Abydus and Teni, planted on the same platform of desert, were probably united at one time by a straggling suburb inhabited by the embalmers and other tradesfolk concerned in the business of death and burial. A chain of mounds, excavated only where the temples were situated, now stand to us for the famous city of Abydus. An ancient crude-brick inclosure and an artificial tumulus mark the site of Teni. The temples and the tumulus, divided by the now exhausted necropolis, and about as distant from one another as Medinet Habu and the Ramesseum.

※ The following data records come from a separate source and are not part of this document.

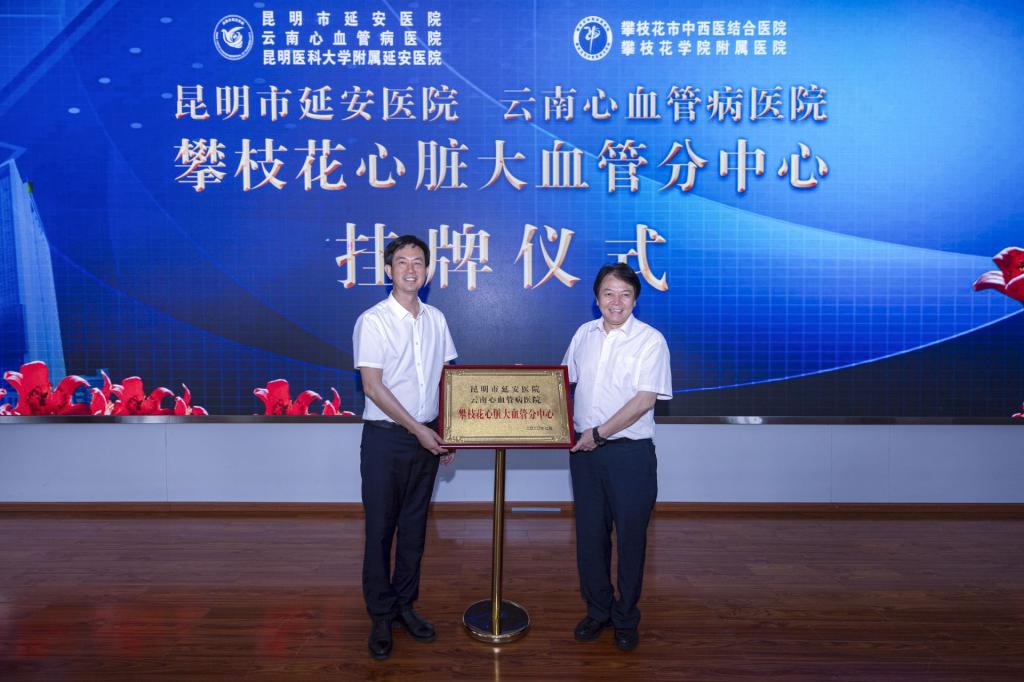 昆明市延安医院院长谭晶、附属医院院长田巨龙为分中心揭牌。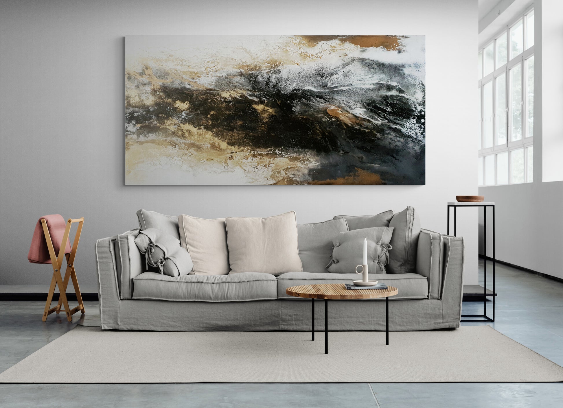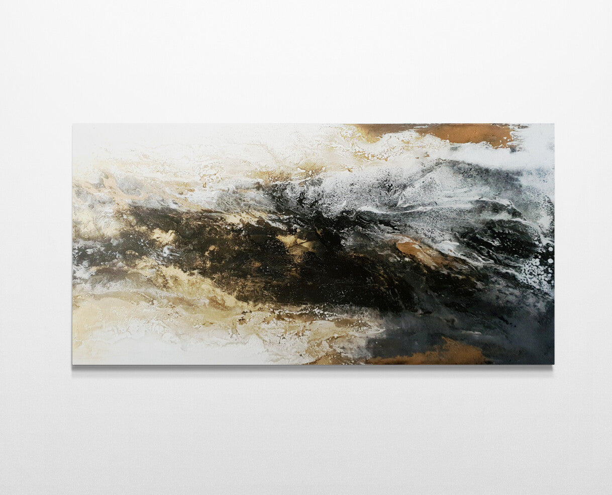“Rio Negro” fusiona profundos tonos oscuros con pinceladas doradas para evocar la energía implacable de un río subterráneo, dotando a cualquier espacio de un toque de misterio y sofisticación.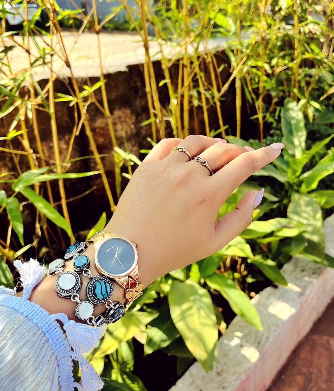 Exploring Goa's markets, I've only hitched a ride on these charming dual stone bracelets. 🌼 Embracing the boho vibes with this delightful stack – a must in Palolem Market, South Goa, and Saturday Night Bazaar, North Goa. Bargain skill: essential! 💫 Watch : @jokerandwitch Rings : @caratlane #GoaTreasures #BohoFinds #MarketAdventures #ananyamitra #kolkatafashionblogger #travelgram #jewelrylover #braceletstacks #aestheticedits #flatlaystyle #instagood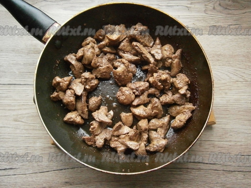 На сковороде разогреть 2 столовые ложки растительного масла, выложить кусочки куриной печени. Обжарить печенку на среднем огне, немного ее посолив, в течение 7-10 минут, помешивая. Печень должна начать зарумяниваться и быть полностью готовой (при прокалывании готовой печенки должен выделяться прозрачный сок, в нём не будет примесей крови).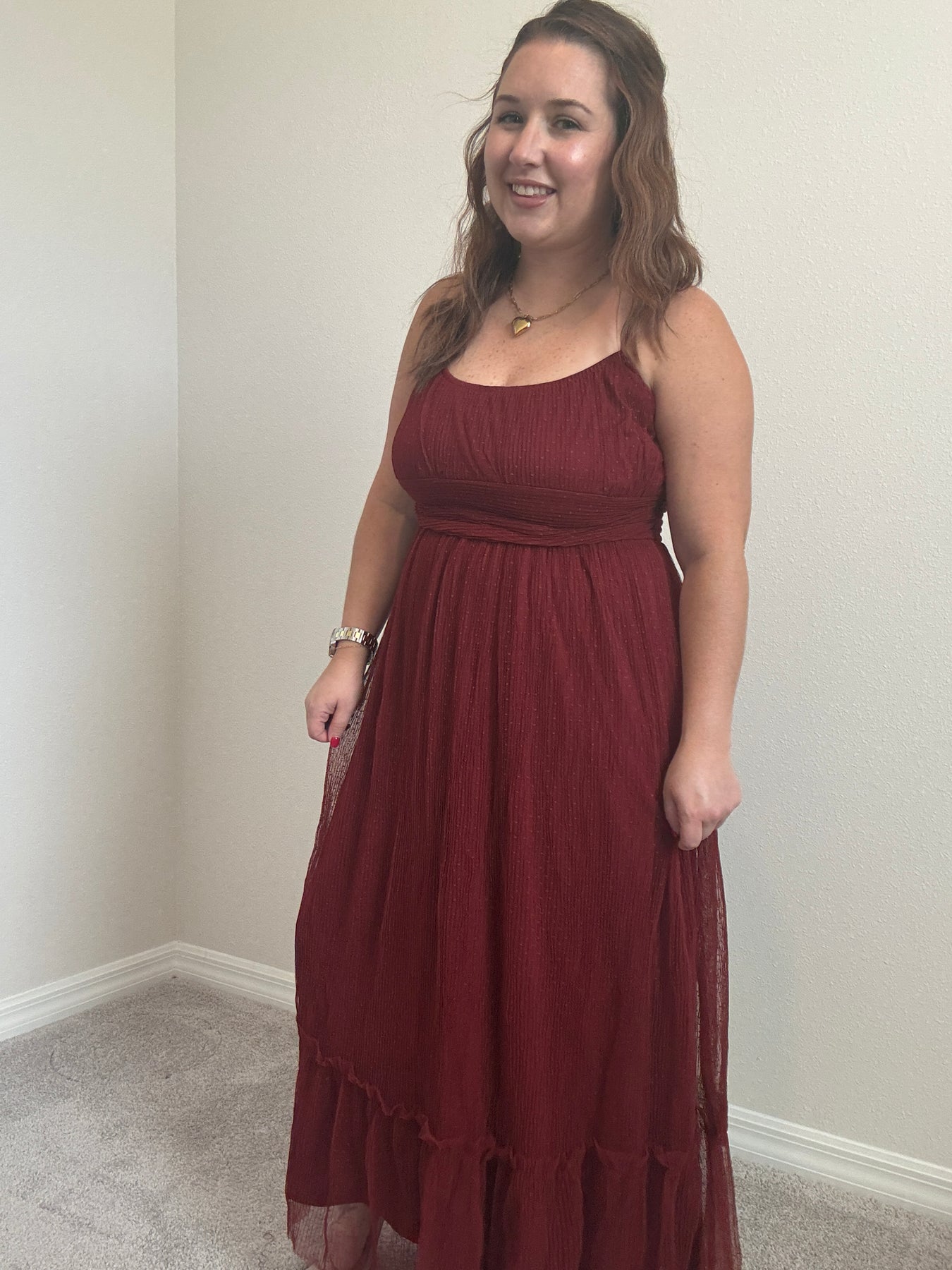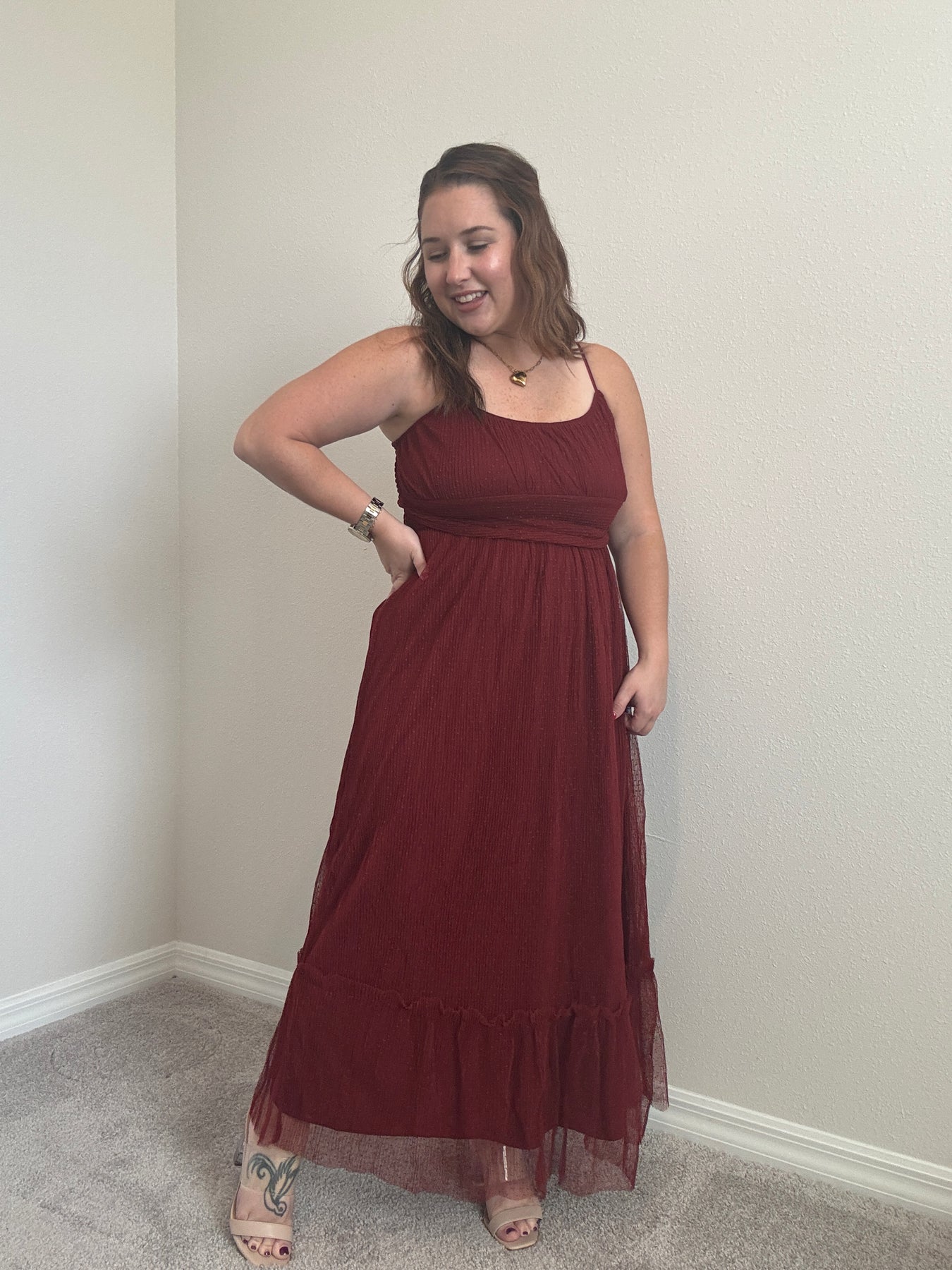 The delicate polka dot tulle overlay adds texture and whimsy, complemented by a graceful ruffle hem that sways beautifully with every step. Fully lined for comfort, this midi dress transitions effortlessly from brunch to date night, wedding events, or any special occasion.

There must have been many older temples at Abydus than these which we now see, one of which was built by Seti I, and the other by Rameses II. Or possibly, as in so many instances, the more ancient buildings were pulled down and rebuilt. Be this as it may, the temple of Seti, as regards its sculptured decorations, is one of the most beautiful of Egyptian ruins; and as regards its plan, is one of the most singular. A row of square limestone piers, which must once have supported an architrave, are now all that remains of the façade. Immediately behind these comes a portico of twenty-four columns leading by seven entrances to a hall of thirty-six columns. This hall again opens into seven parallel sanctuaries, behind which lie another hall of columns and a number of small chambers. So much of the building seems to be homogeneous. Adjoining this block, however, and leading from it by doorways at the southern end of the great hall, come several more halls and chambers connected by corridors, and conducting apparently to more chambers not yet excavated. All these piers, columns, halls, and passages, and all the seven sanctuaries,[255] are most delicately sculptured and brilliantly colored.

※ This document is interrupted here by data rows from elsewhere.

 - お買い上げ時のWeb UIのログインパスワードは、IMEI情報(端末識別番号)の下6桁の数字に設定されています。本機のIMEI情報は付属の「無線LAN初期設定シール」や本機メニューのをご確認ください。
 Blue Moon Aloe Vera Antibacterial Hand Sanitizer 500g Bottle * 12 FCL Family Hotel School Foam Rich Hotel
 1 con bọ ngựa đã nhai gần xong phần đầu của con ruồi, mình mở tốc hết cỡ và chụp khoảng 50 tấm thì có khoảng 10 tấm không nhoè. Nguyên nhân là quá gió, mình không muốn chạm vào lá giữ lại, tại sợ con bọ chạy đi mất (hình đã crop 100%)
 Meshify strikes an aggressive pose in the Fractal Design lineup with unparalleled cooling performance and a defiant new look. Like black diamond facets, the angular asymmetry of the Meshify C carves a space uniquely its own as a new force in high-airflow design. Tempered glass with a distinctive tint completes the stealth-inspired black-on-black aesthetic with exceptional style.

There is so far a family resemblance between temples of the same style and period that, after a little experience, one can generally guess before crossing the threshold of a fresh building what one is likely to see in the way of sculptures within. But almost every subject in the temple of Seti at Abydus is new and strange. All the gods of the Egyptian pantheon seem to have been worshiped here and to have had each his separate shrine. The walls are covered with paintings of these shrines and their occupants; while before each the king is represented performing some act of adoration. A huge blue frog, a greyhound, a double-headed goose, a human-bodied creature with a Nilometer for its head,[256] and many more than I can now remember, are thus depicted. The royal offerings, too, though incense and necklaces and pectoral ornaments abound, are for the most part of a kind that we have not seen before. In one place the king presents to Isis a column with four capitals, having on the top capital a globe and two asps surmounted by a pair of ostrich feathers.